Background
Computational methods for whole genome
studies
Comparative genomics and more specialized fields such
as comparative virology, etc., involve the comparison of
DNA sequences, genes and genomes [ 12 13 14 ] . Recent
rapid data acquisition is allowing the analyses of whole
genome sequences, especially the smaller genomes such as
mitochondria and chloroplasts [ 15 16 17 ] , as well as
the larger bacterial genomes [ 18 19 ] and large tracts
of eukaryotic chromosomes, especially from related
organisms [ 12 13 14 20 21 22 23 ] . These studies
include the determination of the order of genes,
i.e., co-linearity [ 24 25 ] , the
location of synteny [ 26 27 28 ] and the identification
of clusters of orthologous genes [cog] between two
genomes [ 21 22 23 ] . Along similar lines of thought, it
should be extremely useful to locate, identify and
catalog the sets of "core" genes common to these
genomes-genomes which otherwise may be related or
semi-related or unrelated in other respects. These global
views allow for a deeper understanding of one organism in
the context of another, especially in regards to their
genomic contents. In addition, the comparison of multiple
genomes and the identification of related genes and
"core" genes can lead to insight into the structure and
function of genes and genomes [ 4 ] . This is very useful
in genome annotations and also in the identification and
characterization of functions for "newly found" putative
genes.
Identification of "core" genes from small whole
genomes is useful and complements other data derived from
these genomes. Small genomes include those from viruses [
3 ] , mitochondria [ 14 15 ] and chloroplasts [ 16 ] .

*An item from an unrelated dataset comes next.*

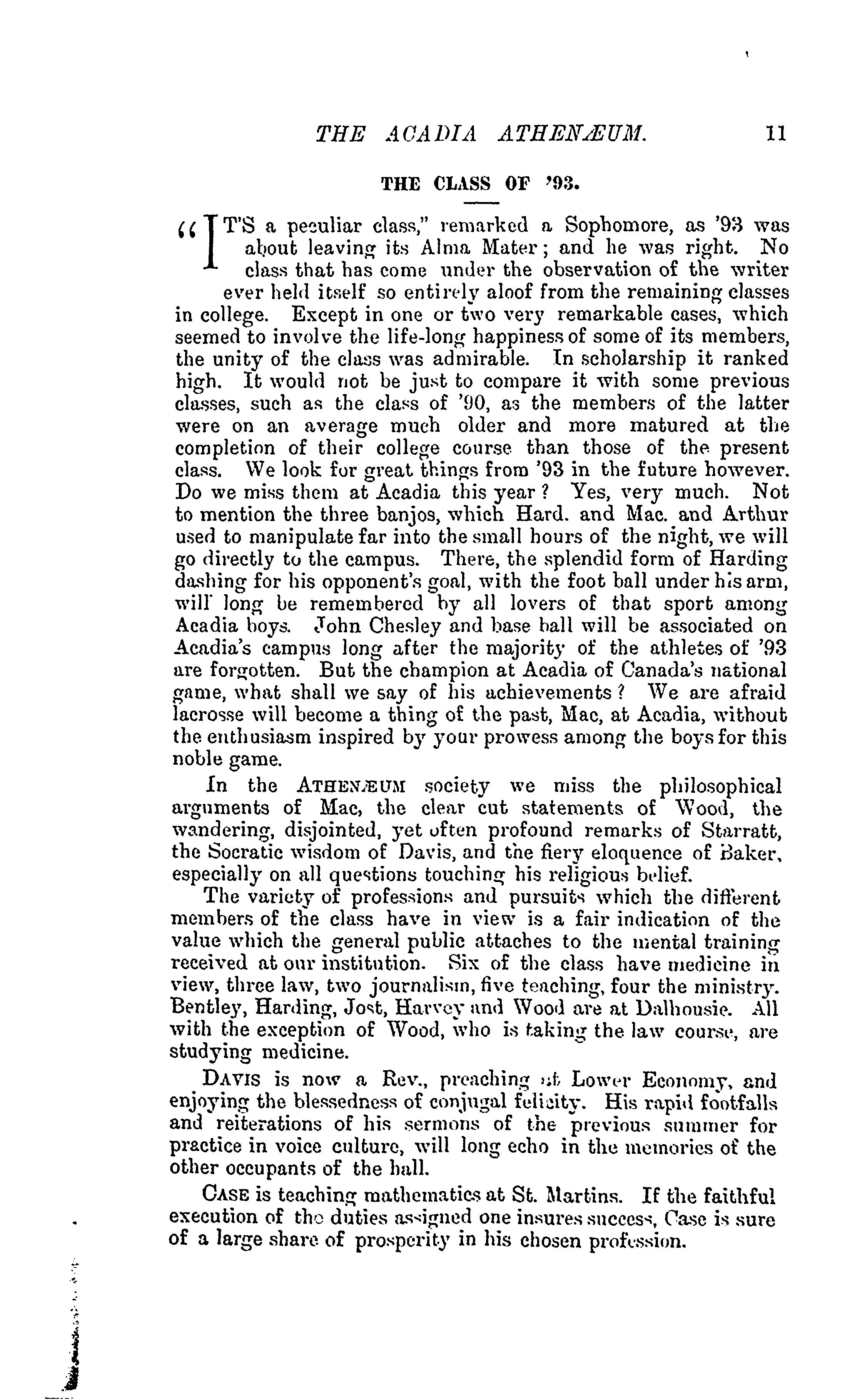 - The Acadia athenaeum : Vol. 20, no. 1 (Nov. 1893)

The increasing importance of the large amount of DNA
sequence data recently collected from these small genomes
is reflected in the better understanding of their biology
[ 3 4 12 13 14 ] and in the upsurge of publications
analyzing these genomes and the organisms to which they
belong [ 15 16 17 18 19 20 21 22 23 24 25 26 27 28 ] .
Genome co-linearity, gene clustering and homolog
identification are three global genome analyses which are
important in many fields of research, including resolving
phylogenetic and evolutionary relationships [ 15 16 17 ]
.
Results and Discussion
Description of CoreGenes
CoreGenes is written in JAVA-based programming
incorporating the 'setdb' and 'BLASTP' programs from the
WU-BLAST package of Washington University,
http://BLAST.wustl.edu. The basis of this iterative
comparison rests on the BLASTP algorithm [ 29 ] . A
flowchart of the processes is illustrated in Figure 1.

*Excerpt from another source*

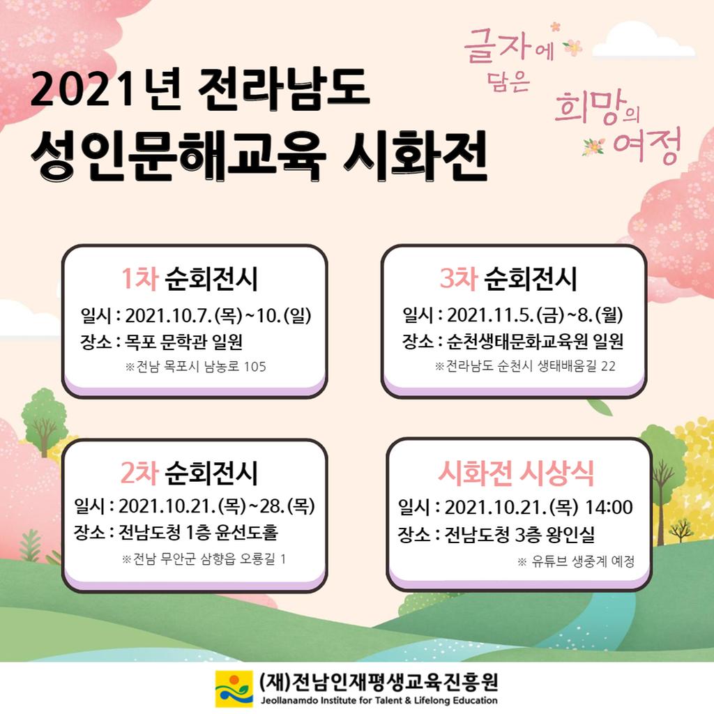 성인문해교육의 필요성과 중요성에 대한 사회적 인식을 높이기 위해 2021년 전라남도 성인문해교육 시화전을 개최합니다. 문해학습자들의 학습성과인 시화 작품에 대하여 많은 관심과 참여 바랍니다.

This software allows for the identification,
characterization, catalog and visualization of putatively
essential "core" genes in sets of two to five genomes in
a user-friendly GUI environment. A table with additional
content information is generated from the analyses.

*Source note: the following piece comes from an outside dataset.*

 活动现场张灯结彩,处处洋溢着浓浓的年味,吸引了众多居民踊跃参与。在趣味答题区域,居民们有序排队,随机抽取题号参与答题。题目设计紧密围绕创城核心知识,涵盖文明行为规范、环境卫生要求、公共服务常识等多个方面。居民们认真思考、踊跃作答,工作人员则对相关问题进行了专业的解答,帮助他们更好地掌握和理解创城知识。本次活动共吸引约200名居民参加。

CoreGenes has been validated with representative genomes
from several families of viruses, as well as
mitochondrion and chloroplast genomes. In these examples,
it locates and identifies putatively related genes
directly and gene clustering indirectly. In light of the
similarities of certain genes generated by CoreGenes, one
may ponder their relationships upon further and closer
inspection, given that the high BLAST scores between two
genes do not always imply an orthologous relationship [
30 ] . In other words, the complexity of these BLAST
scores suggests that the user should perform rigorous
phylogenetic analysis of each set of homologous genes to
determine true orthology. Though if the user uses a high
threshold value while using GeneCore, s/he will increase
the chances to retrieve orthologous genes.
One obvious application is to use this tool as a step
in the characterization of an "alphabet" of putatively
essential "core" genes in a set of closely related
genomes such as from a collection of poxvirus genomes (
unpublished data ).
CoreGenes graphical user interface
The CoreGenes GUI contains three levels of data
input/output, starting with an interface for the entry of
two to five genomes via GenBank accession numbers (Figure
2) and ending with a display of the corresponding protein
of interest as archived in the NCBI database. Contained
within the top-level GUI (Figure 2) is an entry field for
up to five genome sequences.
Nota Bene, entering GenBank
accession numbers with dyslexic renderings will result in
"error messages." It is preferable to use the recent
versions of GenBank accession numbers, i.e., prefixed
with "NC_..."
Once the program is initiated, the respective genome
data are downloaded from the GenBank database (Figure 1).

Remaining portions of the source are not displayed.